Friday, November 18, 2016

the Renaissance man



I left off on Wednesday with the universal man moving into the “Renaissance man.”

But we should remember that, even though there was much talk about the universal man, i.e., the fully developed personality, during and after the Renaissance, the idea of universality in the Renaissance was restricted to the upper class.

The working class were not exactly studying Greek philosophy or astronomy during breaks from brick laying or manure shoveling. They lacked the time, the energy, or the money. Indeed, Renaissance historian Sir John Rigby Hale noted that the leisured upper class was attracted to the idea of universalism because it allowed them to distinguish themselves from people who had to work for a living.

The OED defines a Renaissance man simply as “one who exhibits the virtues of an idealized man of the Renaissance.” This is a surprisingly new term.
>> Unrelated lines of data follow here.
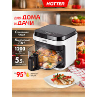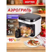 Аэрогриль HOTTER HX-533, стеклянная чаша 5,5 литров, 7 автопрограмм, регулировка времени и температуры, бело/черный: сравнение цен, характеристики, фото, актуальное наличие и цены.
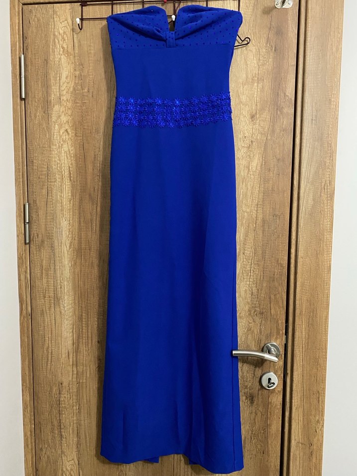 Mavi Straplez Yakası Taşlı Uzun Abiye Elbise
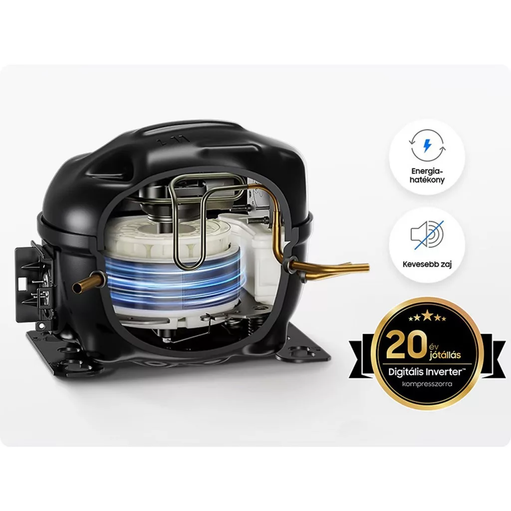 Tartsd egyenletesen hűvösen az élelmiszereket, és takaríts meg energiát! Az AI inverteres kompresszor továbbfejlesztett szerkezetének köszönhetően tehetetlensége 4,1x nagyobb, mint a jelenleg használt kompresszoroké*, így kevesebb energiát használ. AI algoritmus segítségével a használati szokásaidhoz igazítja a sebességét, miközben energiát takarít meg**. A kompresszorra 20 év jótállást vállalunk***. 11
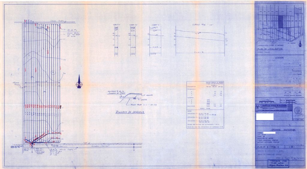 Plan de drainage souterrain annoté pour la municipalité de Quyon, comté de Pontiac. Préparé pour le compte du Ministère de l¿Agriculture du Québec.
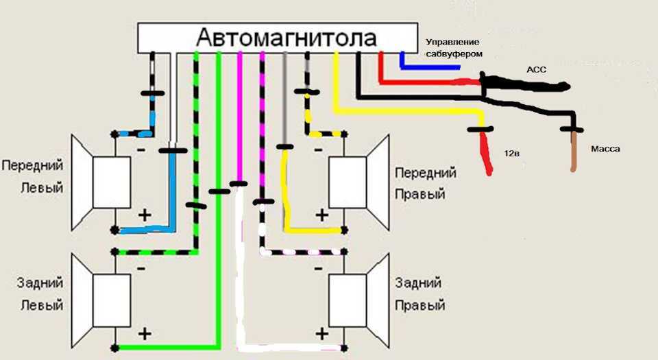 В ходе монтажа магнитолы соединение происходит следующим образом: каждый контакт с одной стороны подсоединяется к акустической системе, с другой стороны — с питанием. Такая система называется распиновкой разъемов автомагнитол.
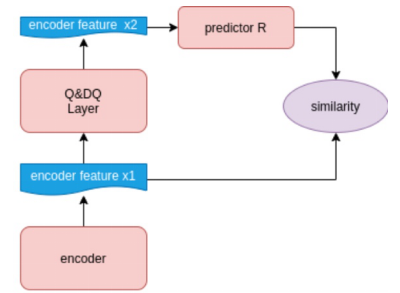 上图同对比了误差恢复模块和自监督算法中的SimSiam[2]结构对比图。如果我们把量化误差看座位一种数据增强,那么量化误差修复这一块刚好可以看作一种自监督学习网络,同时存在一条支路在反向传播过程中能够计算出准确的梯度,让我们能够获得更好的encoder层。
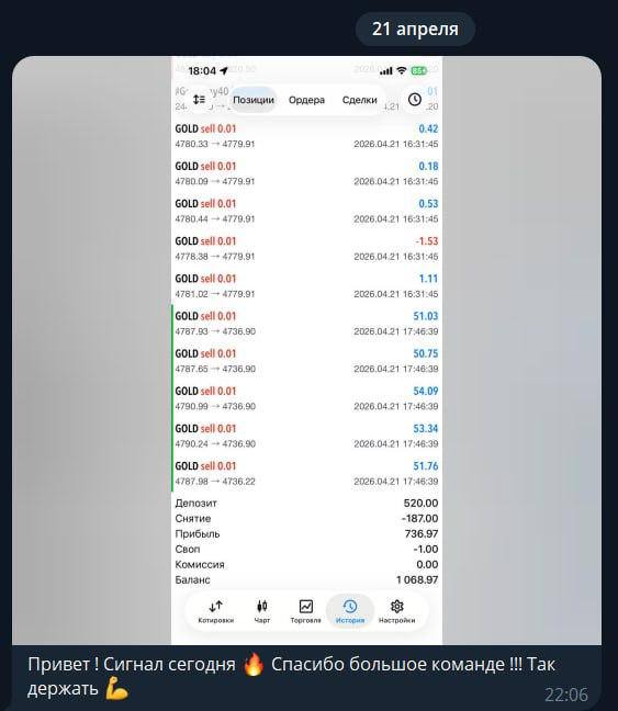 Это не обещание, а констатация факта) Которая подтверждается скриншотами от тех, кто торгует вместе с нами. Каждый делает результат в меру своего депозита и вовлеченности
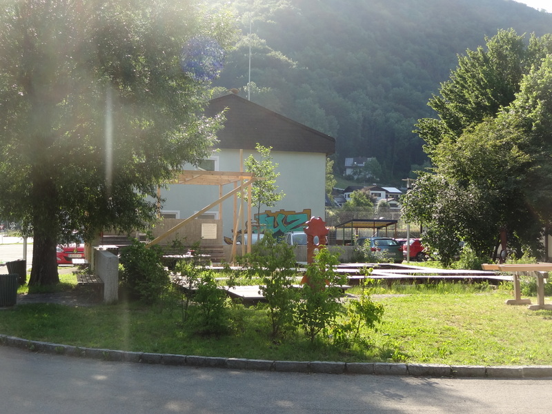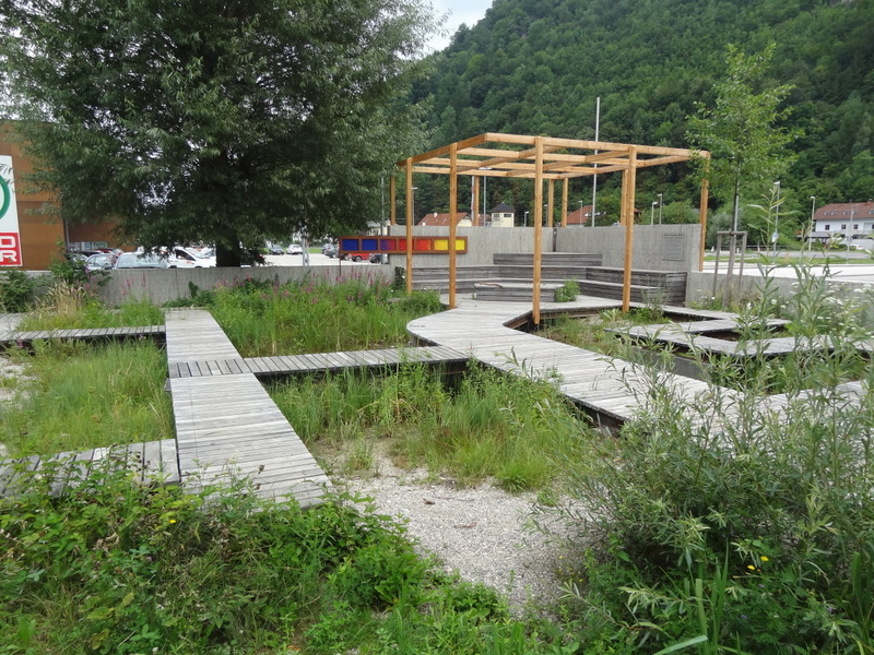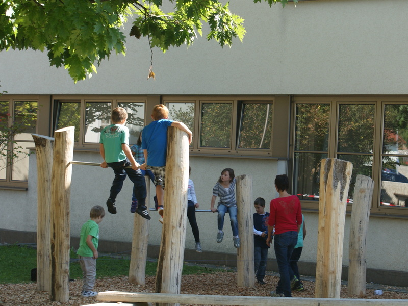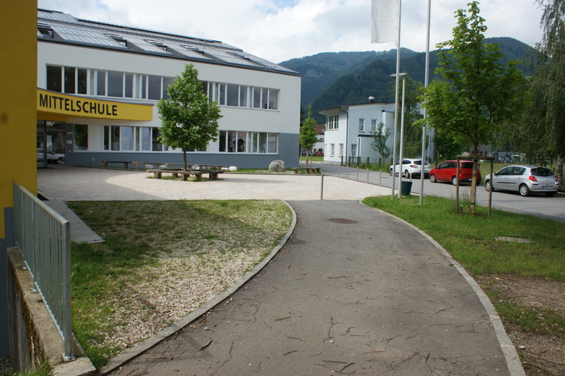 Der weitläufige Schulvorplatz wurde durch eine Sichtbetonmauer mit Schilfstukkatur zur Straße hin abgeschlossen. Ein jahrelang eingezäunter und nicht mehr genutzter Biotopteich aus den 1980er Jahren wurde durch ein Netz von Holzstegen und eine Freiluftklasse benutzbar und erlebbar gemacht. Im Eingangsbereich wurde ein ringförmiger Treffpunkt aus stehend eingegrabenen Eichenstämmen mit Reckstangen in verschiedenen Höhen geschaffen.

It did not even appear in the 1933 first edition of the OED; it was not added until a later supplement.

While the OED does not list any uses of the phrase Renaissance man prior to 1906, when English historian William Harrison Woodward used it in his book Studies in Education during the Age of the Renaissance, it definitely missed a few early uses.

With the advantages of modern technology, a Google book search located a use of the phrase as far back as 1874, when scholar and writer Rev. Richard St. John Tyrwhitt used it in an article for the magazine Old and New.

However, the concept of the Renaissance man did not enter into popular usage for some time. The term did not appear in an American newspaper until 1907, and not in the New York Times until 1923.